Facebook is not safe because the world is not safe.

But I spend most of my life trying to convince myself that the world is safe.  I spent most of my life trying to forget all of the reasons that my world has never been safe.

And right now Facebook is doing exactly what needs to be done.  It’s being a space where everyone can speak their story and share their truth and do what they need to do but I’m pissed because while everyone is doing that I’ve spent the last week saying:

I’m fine, this isn’t going to bother me, I’ve dealt with my demons long ago.

I spent all day today saying:

I’m fine, this isn’t going to bother me, I’ve dealt with my demons long ago.

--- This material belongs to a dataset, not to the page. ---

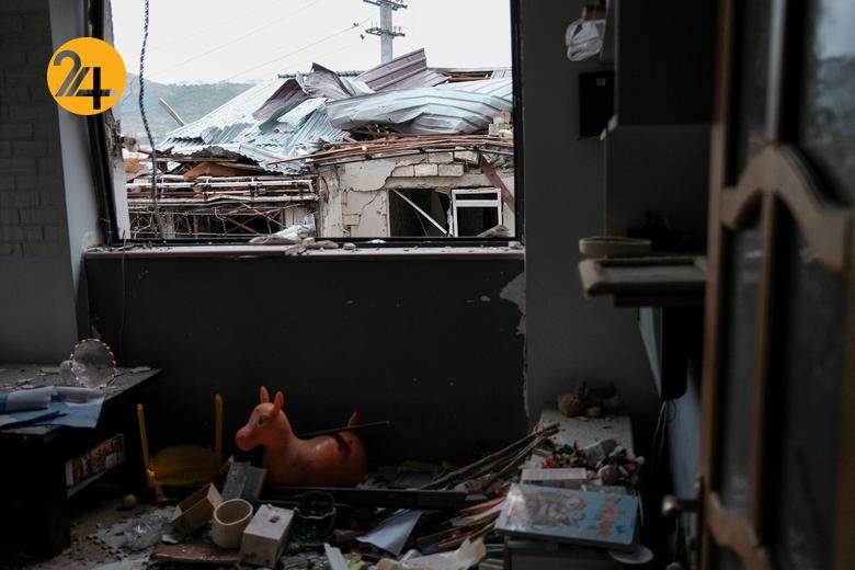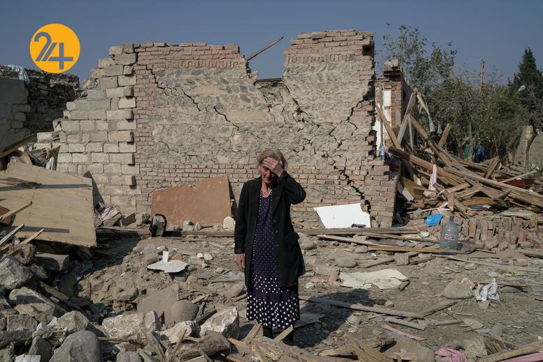 شهر گنجه در آذربایجان، زن 67 ساله در میان خانهای که توسط نیروهای ارمنستان با راکت مورد حمله قرار گرفته و ویران شده
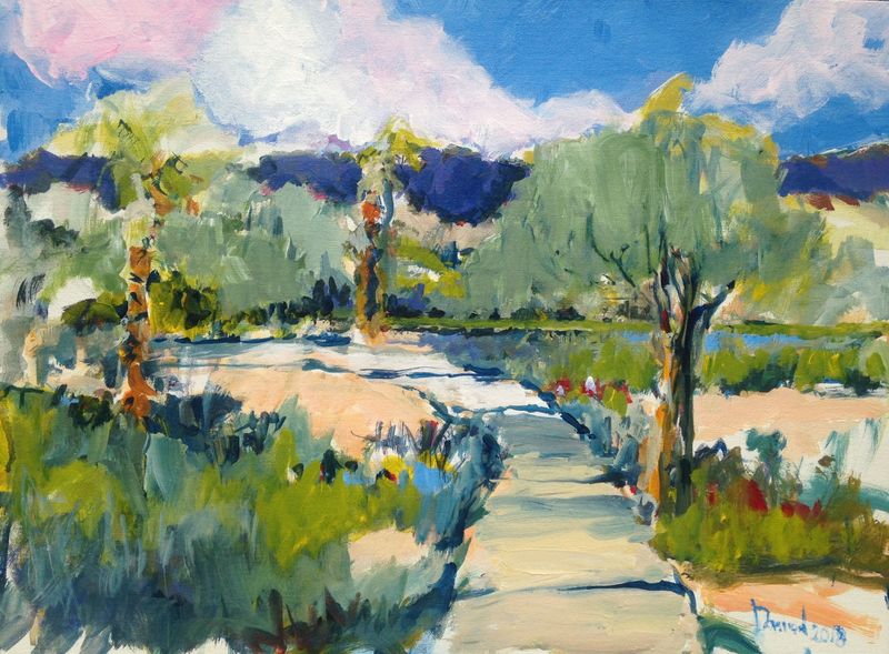 The sun beats down across the California desert walls and its cracked dry ground was hard as a rock. You could see windmills in a distance of the heat wave turning in slow motion as salt seeped from my pores and stung my eyes as I wiped it off. I continued my journey step by step a little closer to home. Palm springs just a few more miles but I knew it would feel like a trip across the world. As I become closer to the melting asphalt of the highway, I could see the herd of tarantula’s scurry across. Amazing the insects that lived within this hell of heat wondering when and how their next prey would arrive. This desert gave no mercy to anything that lived here Yet cactus thrived on the San Bernardino winds that blew. Even with the sun setting, my blood still boiled from the heat and the mountains gave no relief with it shadow bearing across. Coyotes ran across the plain thinking I was their next meal but little did they know I had other plans about retiring. As the night came upon me, so did the cold air through this hollow valley which I traveled. Finally out from its brutal environment, I looked back and realized the beauty in the distant darkness outlined knowing I would take this trip again in time... Acrylic on canvas board

And tonight it finally hit me that I’m not fine.

And I want to speak my story and share my truth and for once I CANT FUCKING DO IT and because I can’t get it out it’s eating me alive tonight.

This is my place to process, I put fingers to keys and spill my thoughts onto the screen and afterwards I have some clarity as I connect with everyone.  I know that so many people have a story that’s just like mine and I’m watching so many of my friends get so much loving support tonight.

But I can’t speak my story, I can’t share my truth.

And I’m not fine, and this is definitely bothering me, those demons are still here haunting me.

Remember those of us that are silenced and hurting by all of this, and we need to remember to find ways to take care of ourselves.

We need to find ways to stay safe in a very unsafe world.